Interview to Manuel Moritz FabCityHamburg
How can you learn more about LAUDS Factories? Read the interview with one of the key protagonists: Manuel Moritz, founder of FabCityHamburg
What’s LAUDS means and how do you envision the future of production in Europe?
All over Europe, we have a large number of creative and digitally connected maker communities, some of them are organized as Fab City or Fab Region with a local governmental embedding. They meet and collaborate in one of the many Fab Labs, use digital (fabrication) technologies and share designs and knowledge. While those networks are fertile grounds for innovation, for STEAM education and for circular practices, they lack capacities and processes for local production serving local needs using local resources in a professional way. With the LAUDS project, I envision unlocking the full potential of an open, distributed and digital production model by bridging the gaps between makers and businesses, between Fab Labs and SMEs and between different regional maker ecosystems in Europe. In my opinion, this mode of production can strengthen Europe’s productive capacity and resilience and at the same time contribute towards a sustainable development and production in the spirit of the New European Bauhaus.

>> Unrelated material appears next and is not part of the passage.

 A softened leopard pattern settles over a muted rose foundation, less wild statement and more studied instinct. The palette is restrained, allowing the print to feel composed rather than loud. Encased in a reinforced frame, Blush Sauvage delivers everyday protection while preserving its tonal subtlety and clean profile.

What’s the role of FabCityHamburg?
Fab City Hamburg is both: a project, a community and a concept. In the context of the LAUDS project, Fab City Hamburg e.V. as the regional hub of the maker scene coordinates a distributed LAUDS factory setup. The New Production Institute at Helmut Schmidt University as a leading research institution in the field of open source hardware and open production contributes with research on technical requirements of LAUDS factories with regard to digital and physical infrastructures. And finally, the innovation agency HIWW supports the open calls with innovative tools for collaborative decision making.

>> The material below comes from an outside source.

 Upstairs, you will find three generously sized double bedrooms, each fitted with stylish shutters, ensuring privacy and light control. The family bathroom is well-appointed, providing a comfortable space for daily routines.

What expertise you can offer?
Fab City Hamburg was established in 2019 as the first German city to become part of the Fab City Global Initiative. We have a diverse regional network comprising a vivid maker scene, research institutions and startups in the realm of open source hardware and digital production. In addition, we can draw upon a rich experience from recent and ongoing research projects, e.g. developing the Open Lab Start Kit, developing a digital infrastructure for Fab Cities, operating an open microfactory. With this setup, we hope to contribute to the success of the LAUDS project.